Printed from https://www.writing.com/main/view_item/item_id/932251-The-Whillikers-Family
by Takumi
Rated: E · Fiction · Comedy · #932251
A peek into the life of everyone's favorite dowdy hick family, the Whillikers.
The baby was bawlin' fit to bust a lung, so Mamsy stuck a spoon in its mouth to keep it quiet. Just then, a neighbor happened by.

"Wuddle you be doin' like on a fine summer day such's this one?"

"Hello, friend," Mamsy said graciously. "I's just fine, and the same to the likes of yourself, if I may be darin' to say so."

"Thanks mighty. Thass a lumpin' great baby you got there, Mamsy."

"Why, what?" shrieked Mamsy, and noticed the baby again. "Why well why I do say so if it is, myself. Seein' as I done borned it 'n' all." Feelin' durn proud of herself, Mamsy hung up another shirt on the clothesline.

"A's a quiet one, too," the neighbor commented, gettin' ready to go.

"Ah," Mamsy replied wisely, "Thass only cuz I done gone plunked a flippin' big spoon in its mouth, so." She took a hold of the spoon handle and gave it a tug, so she could show the spoon to the neighbor.

But when it came out, it was a fork.

"Land sakes!" hollered Mamsy, trippin' up and down in place. "Somebody call Aunt Lucretia!"

Winnie bowled into the chickenyard hot off the press. "Winnie!" screamed Mamsy, doin' some fancy footwork. "The griddlin' great spoon I plopped in the baby's mouth done gone been turned right so into a hoppin' huge fork! Quick, call Aunt 'Cretia!"

Winnie hightailed it fer the house in a roll of yipperin' dogs, but Popsy got there first, as he'd been down a-diggin' at the garden.

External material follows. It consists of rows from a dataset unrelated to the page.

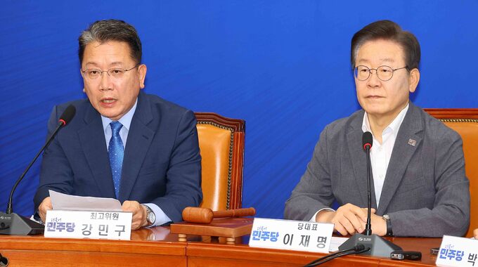 지난 12일 지명직 최고위원으로 임명된 더불어민주당 강민구 신임 최고위원(대구시당위원장)이 19일 국회에서 열린 최고위원회의에 참석해 "민주당의 아버지는 이재명 대표"라고 말했다.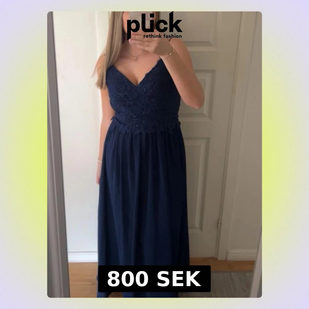 Säljer en marinblå långklänning med smala axelband och v-ringad hals. Livet är dekorerat med spets och har fina broderade detaljer. Kjolen faller mjukt och klänningen har en elegant och tidlös look. Perfekt för dig som vill sticka ut på bal eller fest.
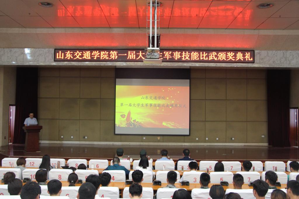 5月22日下午,学校在长清校区学术报告厅举行第一届军事技能比武颁奖典礼暨国防教育主题讲座。党委副书记唐勇,72463部队政委陈军出席活动。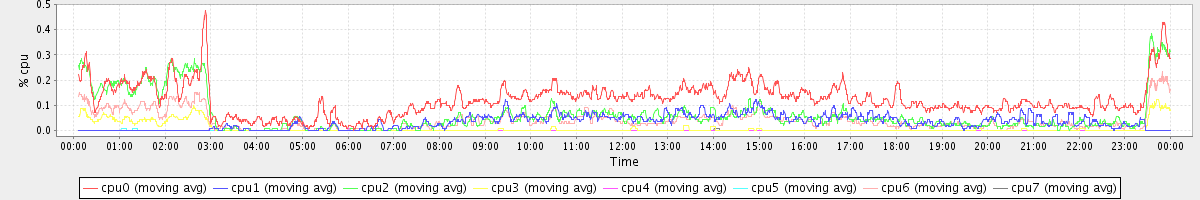avg(cpu0) = 1.34 avg(cpu1) = 0.32 avg(cpu2) = 0.36 avg(cpu3) = 0.24 avg(cpu4) = 0.18 avg(cpu5) = 0.21 avg(cpu6) = 0.29 avg(cpu7) = 0.21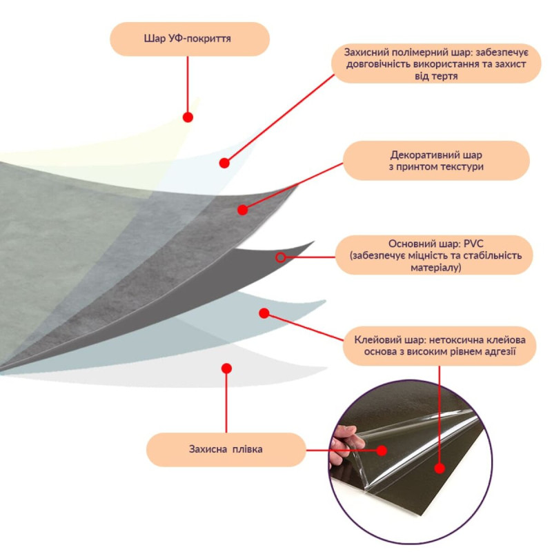 - Декоративний шар: плівка із кольоровим друком, який повністю передає фактуру природних матеріалів: деревини, каменю та інших

He smoked through the screen down like it warn't even there, and tripped head-to-tail over Sally Ann Bean, who was down on her knees scrubbin' at a particular planderous spot on the rug.

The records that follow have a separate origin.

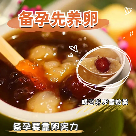 给大家分享一个汤羹,帮助备孕的女性朋友养出又大又圆的卵泡,助力好孕! 食材:雪蛤,红枣,枸杞,冰糖,牛奶 制作步骤:1. 干雪蛤洗净去杂质后用温水泡发一个晚上;2. 把雪蛤、红枣、枸杞放入玻璃碗,隔水蒸20-30分钟;3. 蒸好冷却后调入牛奶和冰糖,即可食用~ 卵子的健康在备孕的过程中特别重要,所以备孕的女性朋友一定要学会养卵巢,长卵泡~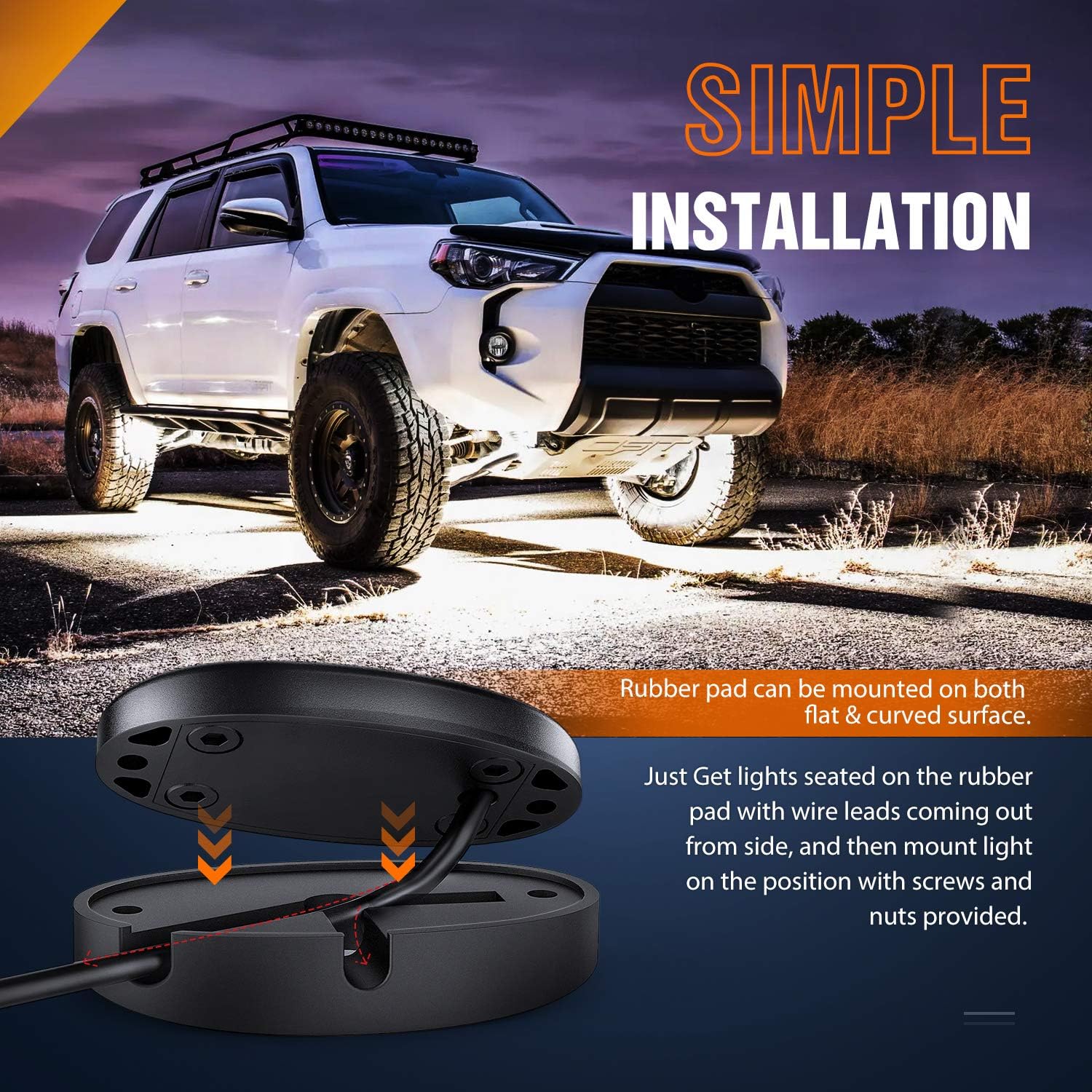 - Easy Installation: Get lights seated on rubber pads, with wires coming out from the side, then mount light on the position with screws and nuts. Rubber pad works on both flat and curved surface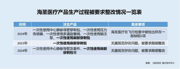 由上可知,海圣医疗的产品“一次性使用麻醉穿刺包”的核心工序包括“灭菌及EO解析”。而回溯历史,2019年,在飞行检查中,海圣医疗的企业生产管理体系存在5项一般缺陷,检查产品包括一次性使用麻醉穿刺包。2023-2024年,海圣医疗的“一次性使用麻醉穿刺包”产品连续两年的无菌规范遭限期整改。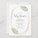 Convide amigos e família para comemorar a mãe a estar com este convite de chá de fraldas de folhagem verde e borda de ouro inspirado na Boêmia. Personalize com os detalhes do seu partido. O convite reverte para coordenar o verde.

"Great grizzlin' gradients!" yiped Popsy as he flatted on the floor.

"Tally-hoo!" shrieked Sally Ann, a-ploppin' on the rug.

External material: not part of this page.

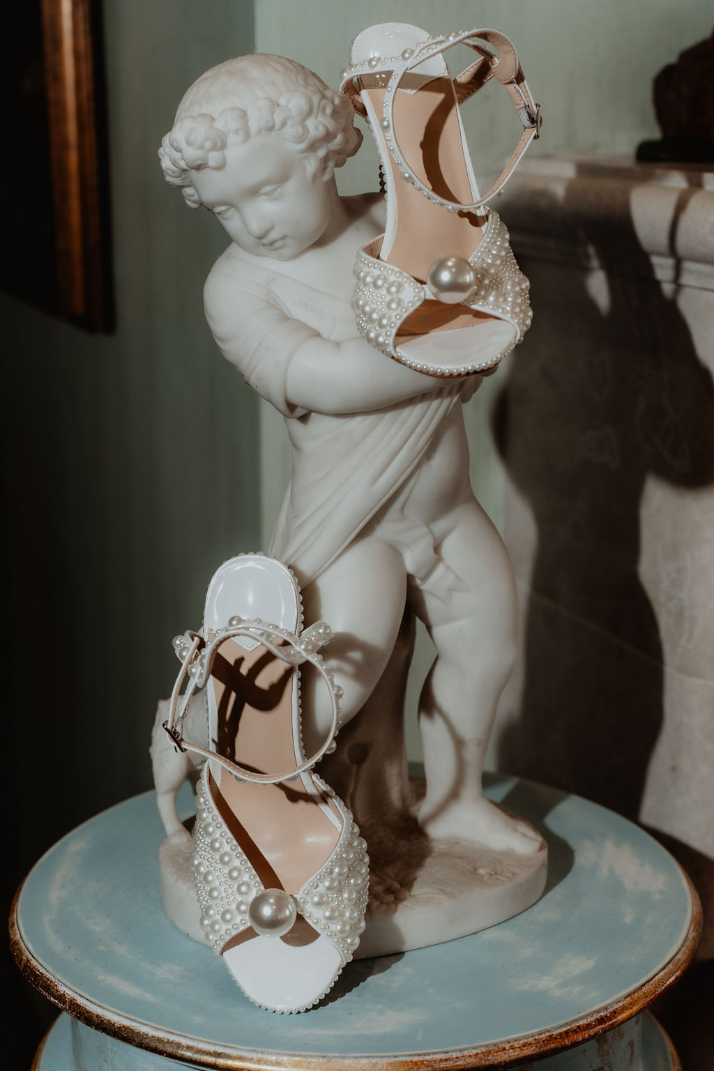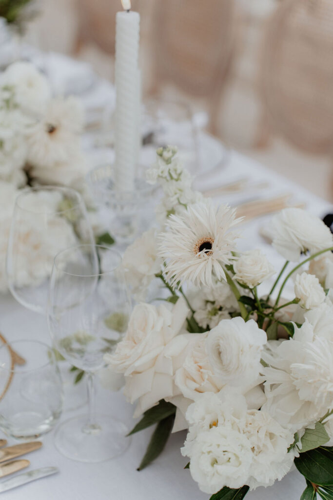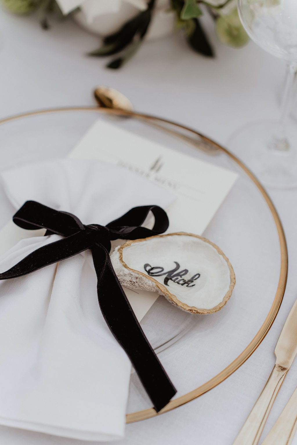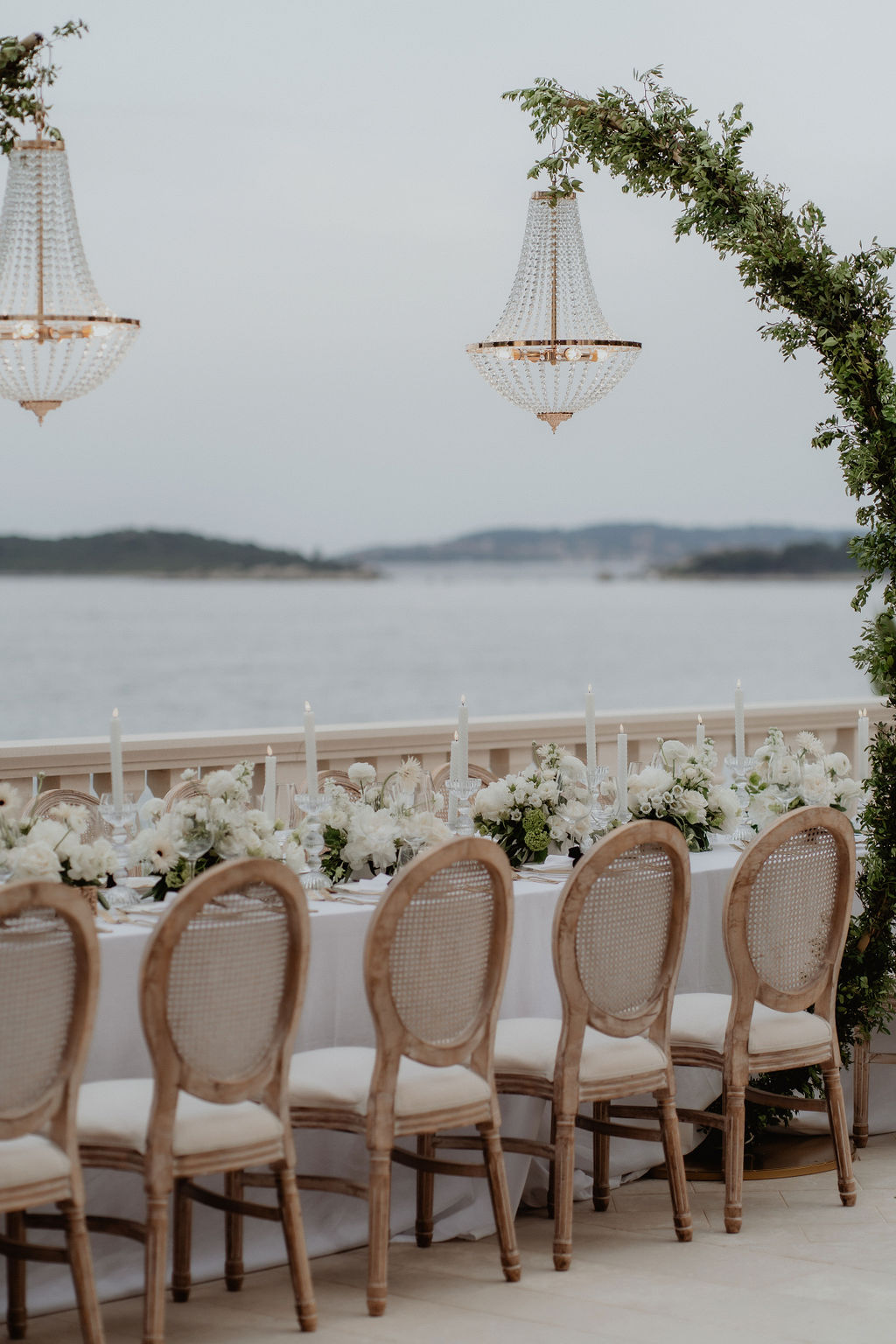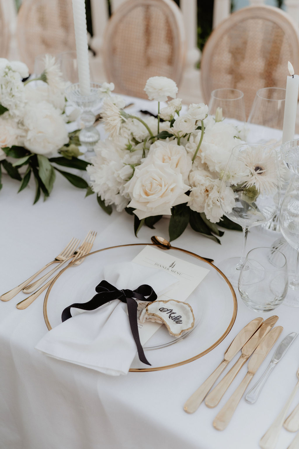 The design of the celebration embraced a classic palette: ivory and white florals, lush greenery, subtle black accents, and metallic highlights. Each detail was carefully curated to enhance the villa’s natural elegance. From the ceremony arch overlooking the sea to the candlelit dinner under the summer sky, the design struck a balance between tradition and modern refinement. This harmony created a setting that felt both contemporary and eternal, echoing the timeless romance of the Adriatic coast.

"Watch my way, I'm a-comin' on through!" hollered Winnie, makin' it like a racehorse for the tellyphone. She dialed the number as Perky and Pip thundered down the stairs, clearin' the banister by a mile.

"Lord have mercy on my sinner's soul!" boomed the voice of Granny Khebalisicolobolo, who spent most of her time prayin' in the basement.

The house began to shake as Mamsy hoofed it in the back door, tripped over Popsy, and hurtled into the kitchen.

"Heavens to Betsy!" yodeled Mamsy.

"Heavens to Bill!" added Popsy.

"Aunt Lucretia!" shouted Winnie into the phone. "Mamsy's big ol' spoon don gun turned itself into a leapin' large fork! Ain't that just the wappiest thing?"

"No," said Aunt Lucretia, and hung up.